In fiscal 2018, BIP saw funds from operations (FFO) increase by 5% to $1.23 billion. Leading the charge was its energy business, which saw FFO increase by almost 29% in the past year. A significant part of the increase was the result of the company’s investment in a Canadian midstream business as well as a North American residential energy infrastructure company.

Like its affiliated former parent, Brookfield Asset Management (NYSE:BAM), BIP’s goal is to acquire assets at a reasonable price, get them operating both efficiently and profitably, and then sell those assets when prices are high. Then take the proceeds and do it again. Rince and repeat.


Church & Dwight (CHD)

On Feb. 5, 2019, Church & Dwight (NYSE:CHD) announced a 4.6% increase in its quarterly dividend to 22.75 cents. Payable as of Mar. 1, the quarterly dividend works out to 91 cents on an annual basis. As of Mar. 5, it yielded 1.4%.

What the maker of Arm & Hammer baking soda fails to provide in terms of dividend yield, it more than makes up for it with lots of capital appreciation.

Year-to-date, CHD stock is up 0.54%. Off to a slow start in 2019, Church & Dwight stock is in danger of a losing year, the first in more than a decade. Over the past ten years, CHD’s delivered an annualized total return of 19.6%, 250 basis points higher than the S&P 500.

That is why I believe Church & Dwight is the best consumer staples stock for investors to own for the long haul.


Best Buy (BBY)

On Feb. 27, 2019, Best Buy (NYSE:BBY) announced an 11% increase in its quarterly dividend to 50 cents. Payable as of April 10, the quarterly dividend works out to $2 on an annual basis. As of Mar. 5, it yielded 3%.

With the 11% increase, Best Buy has now increased its annual dividend payment for six consecutive years. It has also paid a dividend for 61 straight quarters.

Best Buy’s past issues including its ongoing fight with Amazon (NASDAQ:AMZN) appear to be very much in the rear window.

In 2018, Best Buy grew same-store sales by 4.8%, overall revenues increased 1.7% to $42.9 billion, and earnings-per-share on a non-GAAP basis increased by 20.4% to $5.32 a share. In 2019, it expects to generate at least $5.45 a share in earnings on $42.9 billion in revenue.

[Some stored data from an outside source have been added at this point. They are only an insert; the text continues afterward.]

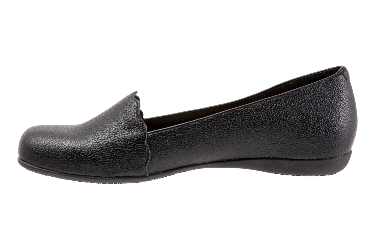 Scalloped edging gives the Sage loafer a cute feminine flare. The removable footbed is cushioned and has arch support. The long-wearing sole is a Trotters best seller.
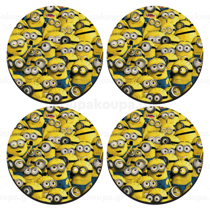 All the minions, ΣΕΤ 4 Σουβέρ ξύλινα στρογγυλά (9cm)
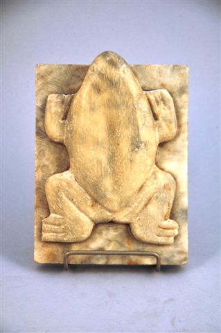 BATRACIEN en marbre sculpté, la bouche ouverte formant une encoche. Rapporté sur terrasse en marbre. Haut. 5, Long. 20, Larg. 14 cm (éclats à la terrasse)
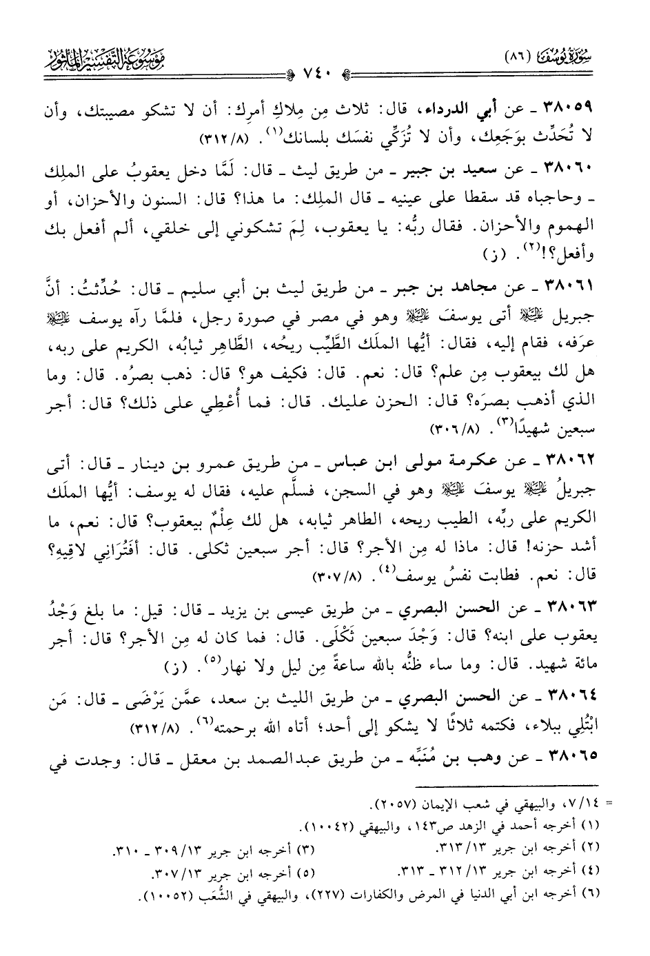 ٣٨٠٦٢ - عن عكرمة مولى ابن عباس -من طريق عمرو بن دينار- قال: أتى جبريلُ - عليه السلام - يوسفَ - عليه السلام - وهو في السجن، فسلَّم عليه، فقال له يوسف: أيُّها الملَك الكريم على ربِّه، الطيب ريحه، الطاهر ثيابه، هل لك عِلْمٌ بيعقوب؟ قال: نعم، ما أشد حزنه! قال: ماذا له مِن الأجر؟ قال: أجر سبعين ثكلى. قال: أفَتُرانِي لاقِيهِ؟ قال: نعم. فطابت نفسُ يوسف (¬٤). (٨/ ٣٠٧)
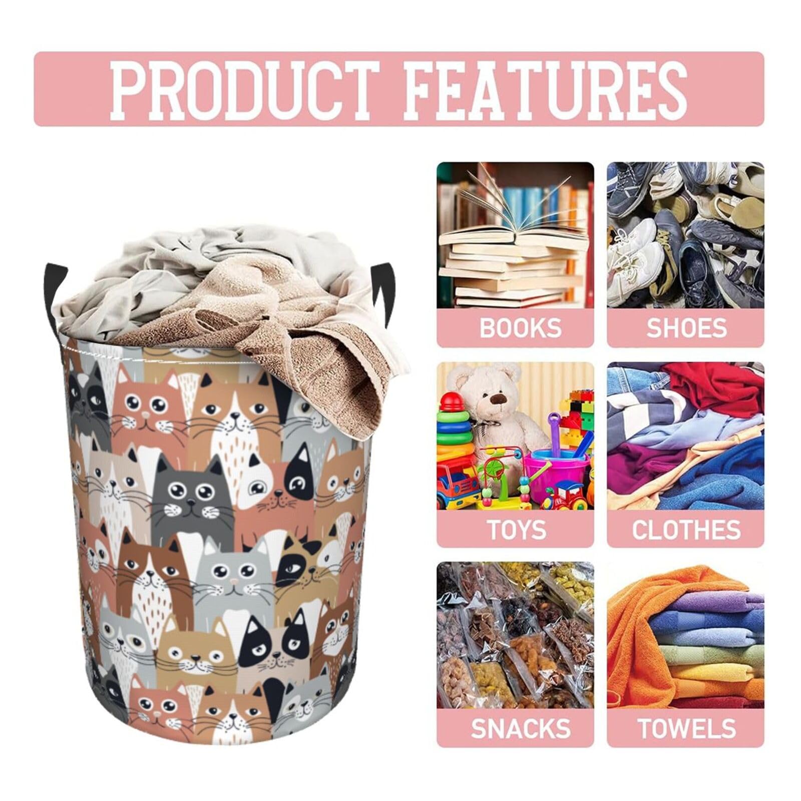 Gbuzozie Funny Cartoon Cats Round Laundry Hamper Storage Basket Toys Clothes Organizer Bin For Home Bathroom Bedroom Dorm Nurser

It might not be massive growth, but considering its shares were trading around $12 in 2012, it has come a long way. When I wrote about Best Buy in August 2013, it had online sales that accounted for 6.1% of its overall revenue. Today, it’s 21.9% or almost four times as much.

It’s one of the best comeback stories of the 21st century.

As of this writing, Will Ashworth did not hold a position in any of the aforementioned securities.